- Born: 7 March 1893 Aldeanueva del Camino
- Died: 21 October 1972 (age 78 or 79) Santiago de Compostela
- Education: Complutense University of Madrid
- Known for: Determination of atomic weights
- Scientific career
- Fields: Physical chemistry
- Workplaces: University of Santiago de Compostela
- Doctoral advisor: Blas Cabrera Felipe

= Tomas Batuecas =

Spanish chemist

Tomás Batuecas Marugán (1893–1972) was a Spanish chemist, most notable for his work on atomic weights of the elements. Batuecas was a professor of chemistry and vice-chancellor of the University of Santiago de Compostela.

==Life==
He graduated with honors from the Faculty of Sciences at the University of Salamanca in 1913 and in the same year began doctoral studies in Madrid under Blas Cabrera Felipe. In 1916, Batuecas studied in the University of Geneva with Philippe A. Guye where he was interested in density and compressibility of real gases. In Geneva he also met Enrique Moles Ormella, who became his long-standing research colleague.
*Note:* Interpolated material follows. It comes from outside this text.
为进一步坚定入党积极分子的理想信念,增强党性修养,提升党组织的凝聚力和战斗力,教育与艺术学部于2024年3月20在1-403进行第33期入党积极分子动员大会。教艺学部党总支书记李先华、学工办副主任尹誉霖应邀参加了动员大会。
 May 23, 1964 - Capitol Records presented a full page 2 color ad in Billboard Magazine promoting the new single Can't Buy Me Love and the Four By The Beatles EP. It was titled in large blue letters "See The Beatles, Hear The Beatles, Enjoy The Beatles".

In 1917, he presented his doctoral thesis at the University of Madrid and then returned for a brief period to the University of Geneva to teach chemistry. On his return to the Complutense University of Madrid, he continued his work on properties of gases with Cabrera and Moles. In 1932, Batuecas joined the University of Santiago, where he remained until his retirement in 1963. In 1936, he was appointed Vice-Chancellor.
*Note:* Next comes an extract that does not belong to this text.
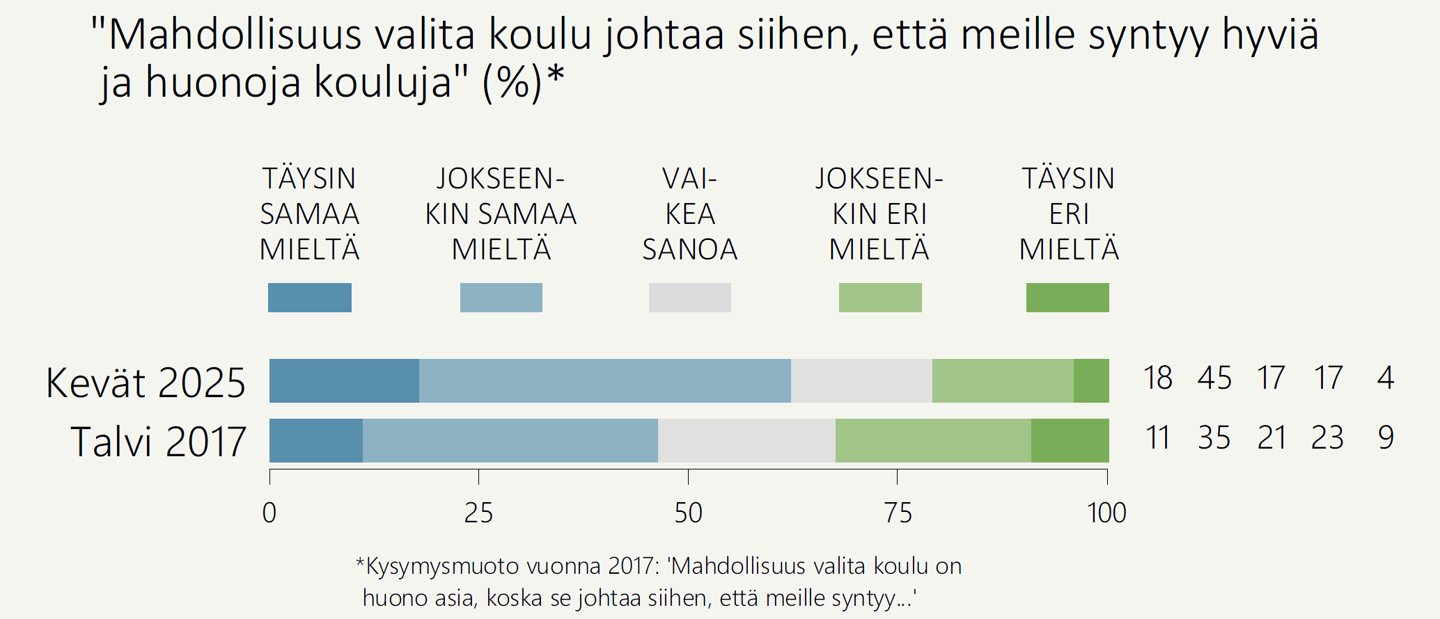 Vuonna 2017 kouluvalinnan seurauksista kysyttiin hieman eri kysymysmuodolla. Silloin vastaajia pyydettiin ottamaan kantaa väitteeseen, jonka mukaan mahdollisuus valita koulu on huono asia, koska se johtaa hyvien ja huonojen koulujen syntymiseen. [8] Alle puolet vastasi kouluvalinnan olevan huono asia siitä aiheutuvan eriytymisen takia.
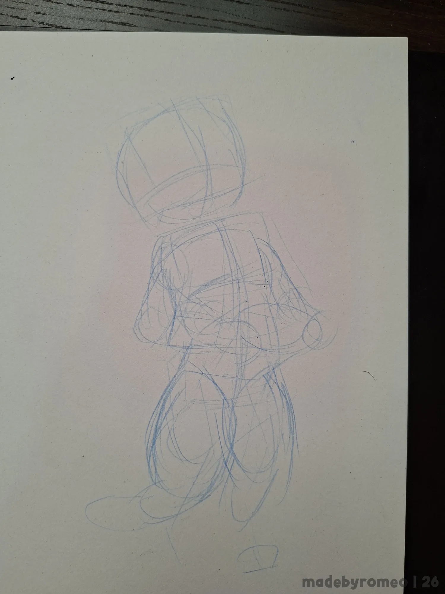 … mas resolvi me arriscar. Com o próprio grafite azul, eu me arrisquei a fazer uma pose com mais movimento, o que inicialmente não gostei, mas que decidi prosseguir, e logo ao trocar para o grafite normal e prosseguir com o esboço, comecei a gostar do que estava vendo.

During his career, Batuecas published more than 130 scientific papers. His research mainly involved determinations of atomic weights, either using density measurements of gases or X-ray crystallography. The work on atomic weights started in Geneva in 1916 with Guye, and was focused to evaluate Daniel Berthelot’s method of limiting densities for real gases. In Madrid (1924) Batuecas also became interested in X-ray crystallography to determine the atomic weights of elements.
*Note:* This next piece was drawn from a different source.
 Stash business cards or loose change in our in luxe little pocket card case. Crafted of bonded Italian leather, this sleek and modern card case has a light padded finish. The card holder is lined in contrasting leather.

The most notable contribution of Batuecas in this field is perhaps his role in the adoption of the international scale of atomic weights based on the carbon-12 nuclide. Batuecas was the chairman of the International Atomic Weights Commission from 1960–1963 and, in 1961, at the International Union of Pure and Applied Chemistry (IUPAC) General Assembly held in Montreal, he played a decisive role in establishing the new atomic mass scale.

==Honors==
The city of Santiago, where Batuecas lived for 40 years, awarded him the silver medal of the city on the eve of his death. A street is named after him in Santiago. and in his hometown.